Interconnection of diet, microbiota, and immunotherapy

‘You are what you eat’ may sound a bit exaggerated, but body cells comprise molecular building blocks from food, such as amino acids, nucleotides, sugars, and lipids. In addition, the approximately 3.8 × 1013 bacteria found in the human body5 underlie profound regulation from dietary components, which at least partially determines their composition, diversity, and functional quality. Dietary habits associate with specific gut microbial enterotypes6 and adaptations of gut microbiota to changes in diet are not only convergent in mammals7 but occur rapidly and reproducibly on both the organismal and gene expression level.8 Diet-dependent alterations in gut microbial composition are at least partially dictated by the digestive requirements of particular foods, thus selecting for microbes with enzyme repertoires able to metabolize the main food components.8 Tolerance (or sensitivity) to specific food components represents another mechanism driving the selection (or decimation) of particular microbial communities following dietary change.8–10 Finally, foodborne microbes can transiently colonize the gut and co-exist with resident microbes8 even though data suggest overall ecological robustness of gut microbial composition in response to the ingestion of microbe-containing foods such as fermented milk products.11 Of note, specific gut microbiome-targeted diets, including high-fiber- and fermented food diets, influence the human immune status and reduce markers of inflammation.12 Thus, next to genetics, epigenetics, and other factors, dietary behavior has a strong and direct impact on the composition and functional specificity of the gut microbiome, with implications for health and disease.

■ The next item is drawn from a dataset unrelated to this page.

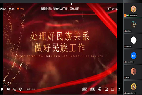 培训伊始,党员服务站成员史越说明线上学习得分要求,提醒同学们应注意出勤、纪律等问题,并提到本次培训课应斯日古楞书记要求,线上教学改为线上视频学习,使同学们进一步贯彻落实习近平总书记在中央民族工作会议上的重要讲话精神,深刻领会铸牢中华民族共同体意识的重要要求。视频中,主讲人赵金辉开篇提到习近平总书记关于加强和改进民族工作的重要思想,并结合史实讲明处理好民族工作的重要性。本次培训的内容共分为“铸牢中华民族共同体意识重大命题的提出”、“铸牢中华民族共同体意识及其内涵”、“铸牢中华民族共同体意识的实现路径”三个板块。期间赵金辉从“时代背景”、“现实背景”、“理论条件”以及“习近平总书记倡导民族团结方面的重要论断”四方面进行讲述,并结合大量史实阐述“铸牢中华民族共同体意识重大命题的提出”。培训最后,党员服务站成员马小龙耐心地对同学们不懂的地方进行解答,并提醒同学们及时上传笔记作业。

In the context of cancer and ICB, the relevance of microbiota is evident on several levels. The concomitant use of antibiotics curtails ICB efficacy,13 and fecal microbiota transplantation from responding individuals can restore ICB sensitivity in otherwise refractory patients.14 In support, supplementation of certain bacteria, or adoptive transfer of T cells specific for antigens from these bacteria, re-sensitizes to ICB treatment in preclinical models.15 Evidence also suggests that an overall higher microbiome diversity benefits cancer patients under ICB, potentially through mechanisms involving tumor neoantigen mimicry and immunological cross-reactivity between microbial and tumoral epitopes.2,3,16 T cell response-modifying microbial metabolites, innate sensing of microbial structures (pattern recognition), and microbial expression of genotoxic products represent further mechanisms of microbiome dependence of anticancer immunity and ICB efficacy.3,17 Given these data and the direct effects of diet on microbial composition and function, dietary intervention represents a rational non-pharmaceutical strategy to modulate host immunity and optimize ICB therapy.18–21

Dietary interventions to support immune checkpoint blockade efficacy

Evidence suggests that obesity not only represents a major risk factor for cancer but also induces metabolic reprogramming in the tumor microenvironment (TME) to impair CD8+ T cell infiltration and function.22 A high-fat diet promotes intestinal carcinogenesis via microbial dysbiosis,23 and dietary sugar fosters tumor immune evasion and resistance to immunotherapy via upregulation of heme oxygenase-1.24 These preliminary data suggest that reducing fat and sugar intake, e.g., abstaining from a Western-type diet, may positively affect ICB efficacy.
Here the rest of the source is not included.